• Material for the task:
________________________________________

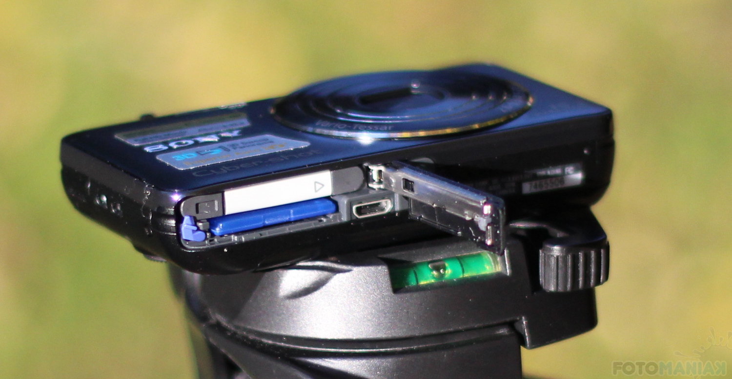 Na prawej bocznej belce znajdziemy niewielką niszę z przekładką, na której zawiążemy sznurek. Przy górnym narożu po tej samej stronie ulokowano port mini-HDMI, ukryty pod plastikową zaślepką. Na górnym panelu umieszczono dwa mikrofony zbierające dźwięk w trybie stereo. Komora baterii i karty pamięci jest bardzo wąska. Stanowczo zbyt łatwo ją otworzyć, co może stanowić problem podczas fotografowania. Wątpliwości budzi również całkowicie odkryty, niezabezpieczony port micro-USB dedykowany zarówno komunikacji z komputerem, jak i zasilaniu.
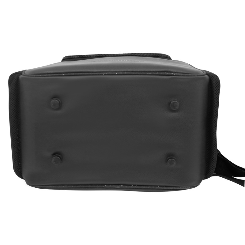 De slitstarka plastfötterna i botten skyddar väskan mot smuts och fukt, och den mjukt vadderade, längdjusterbara och avtagbara axelremmen gör den bekväm att bära. Denna ryktväska med utsida i konstlädewr, glittrande piping på kanterna och en diskret Euroriding logga tryckt på locket.
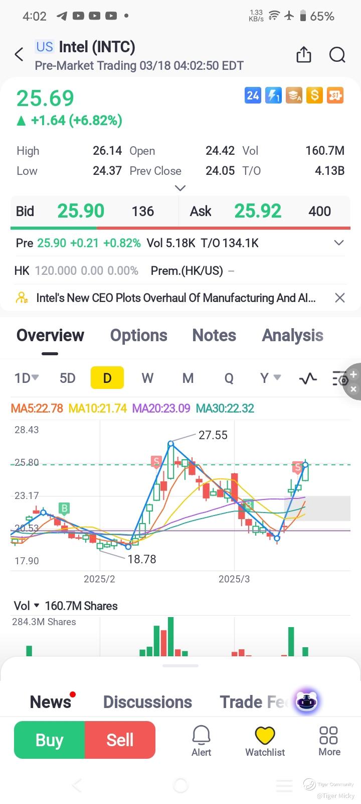 Intel has climb significantly especially from last week after a steep dive since Trump stupid trade war especially with China. I had lock in partial gain last week @ 24. Currently has breached 26 & trying to establish momentum. If it can sustain around 28, there is a good chance to target 29-30. Hopefully!
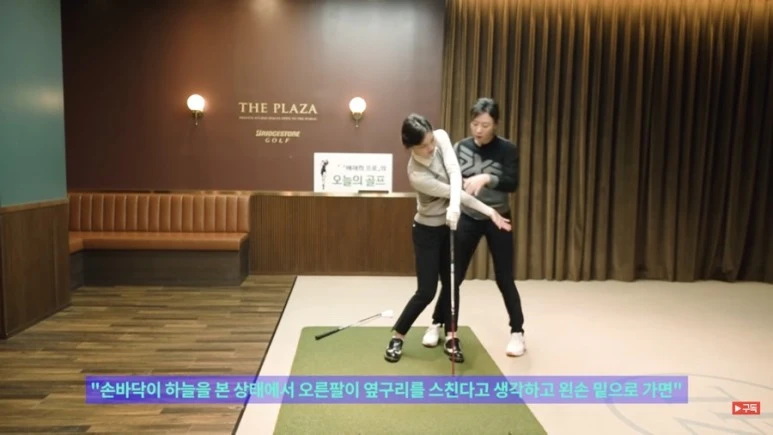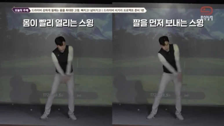 이러니 조금만 늦게 맞으면 슬라이스 구질이 나고, 너무 앞에서 맞으면 왼쪽으로 훅 구질이 나는 와이파이 방향성을 보이게 되더군요. 점심 식사 후 쉬는 시간에 휴게실에서 이런 고민을 이야기했는데 구력이 꽤 되시는 선배님께서 이런 말씀을 하셨습니다. “골반을 회전시켜 주는 거랑 어깨를 포함한 상체가 열리는 동작이 꼭 같을 필요는 없어요. 오히려 상체는 잡아줘도 골반은 열어 줘야 헤드가 더 앞으로 나가게 던질 수 있게 됩니다.”
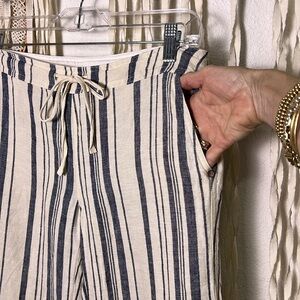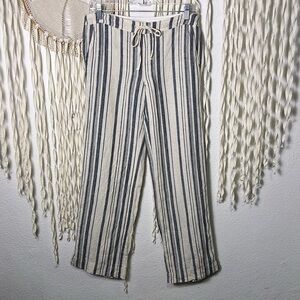 Michael Stars Linen Blue and Tan Stripe Straight Leg Pant Size XS
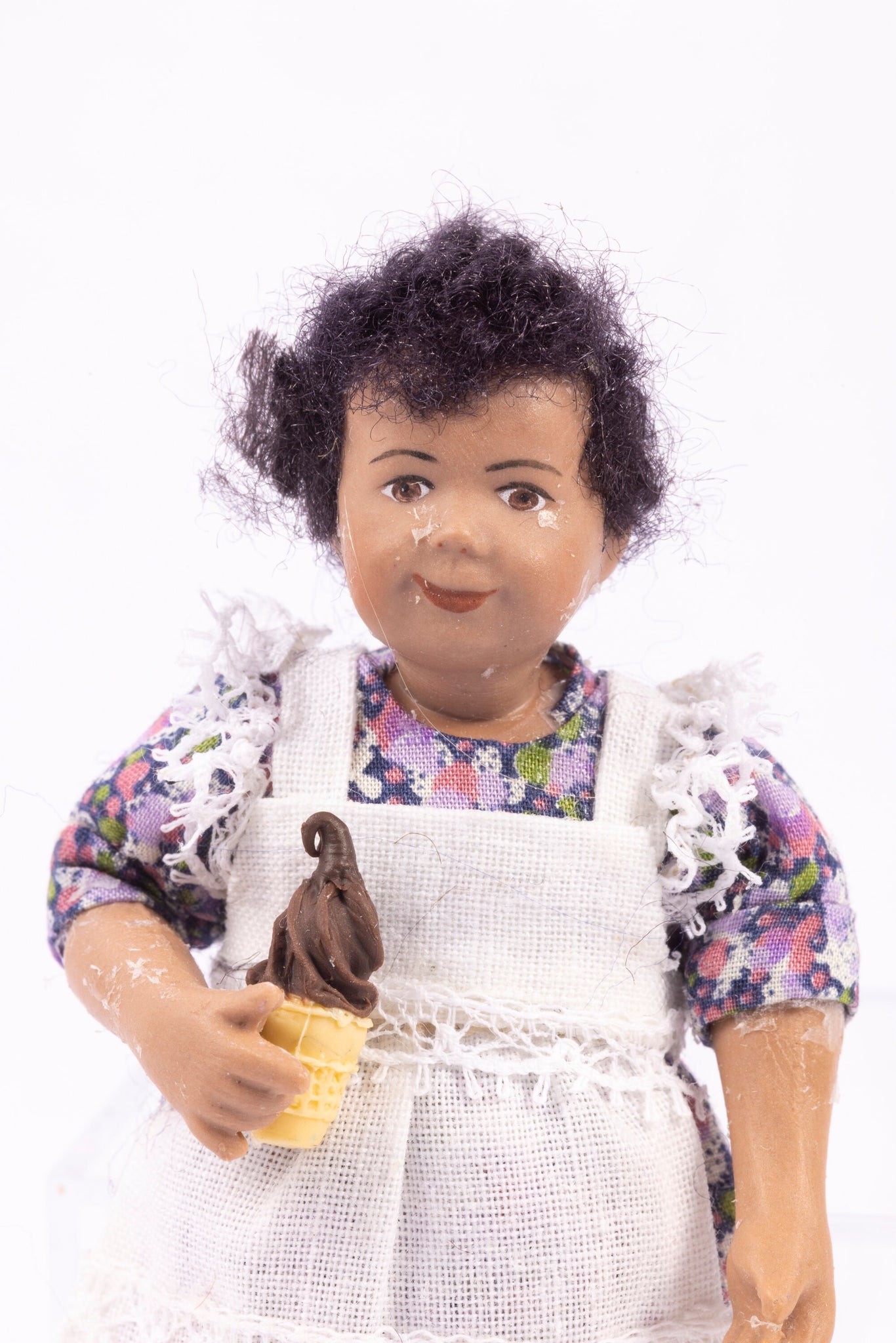 This is a terrific hand made Porcelain Ethnic Young Girl Doll in Floral Dress with white Apron. She's holding an ice cream cone, not included.

________________________________________

• Required work:
Reproduce the whole listing above word for word, dropping each image.

• Answer box:
 Na prawej bocznej belce znajdziemy niewielką niszę z przekładką, na której zawiążemy sznurek. Przy górnym narożu po tej samej stronie ulokowano port mini-HDMI, ukryty pod plastikową zaślepką. Na górnym panelu umieszczono dwa mikrofony zbierające dźwięk w trybie stereo. Komora baterii i karty pamięci jest bardzo wąska. Stanowczo zbyt łatwo ją otworzyć, co może stanowić problem podczas fotografowania. Wątpliwości budzi również całkowicie odkryty, niezabezpieczony port micro-USB dedykowany zarówno komunikacji z komputerem, jak i zasilaniu.
 De slitstarka plastfötterna i botten skyddar väskan mot smuts och fukt, och den mjukt vadderade, längdjusterbara och avtagbara axelremmen gör den bekväm att bära. Denna ryktväska med utsida i konstlädewr, glittrande piping på kanterna och en diskret Euroriding logga tryckt på locket.
 Intel has climb significantly especially from last week after a steep dive since Trump stupid trade war especially with China. I had lock in partial gain last week @ 24. Currently has breached 26 & trying to establish momentum. If it can sustain around 28, there is a good chance to target 29-30. Hopefully!
 이러니 조금만 늦게 맞으면 슬라이스 구질이 나고, 너무 앞에서 맞으면 왼쪽으로 훅 구질이 나는 와이파이 방향성을 보이게 되더군요. 점심 식사 후 쉬는 시간에 휴게실에서 이런 고민을 이야기했는데 구력이 꽤 되시는 선배님께서 이런 말씀을 하셨습니다. “골반을 회전시켜 주는 거랑 어깨를 포함한 상체가 열리는 동작이 꼭 같을 필요는 없어요. 오히려 상체는 잡아줘도 골반은 열어 줘야 헤드가 더 앞으로 나가게 던질 수 있게 됩니다.”
 Michael Stars Linen Blue and Tan Stripe Straight Leg Pant Size XS
 This is a terrific hand made Porcelain Ethnic Young Girl Doll in Floral Dress with white Apron. She's holding an ice cream cone, not included.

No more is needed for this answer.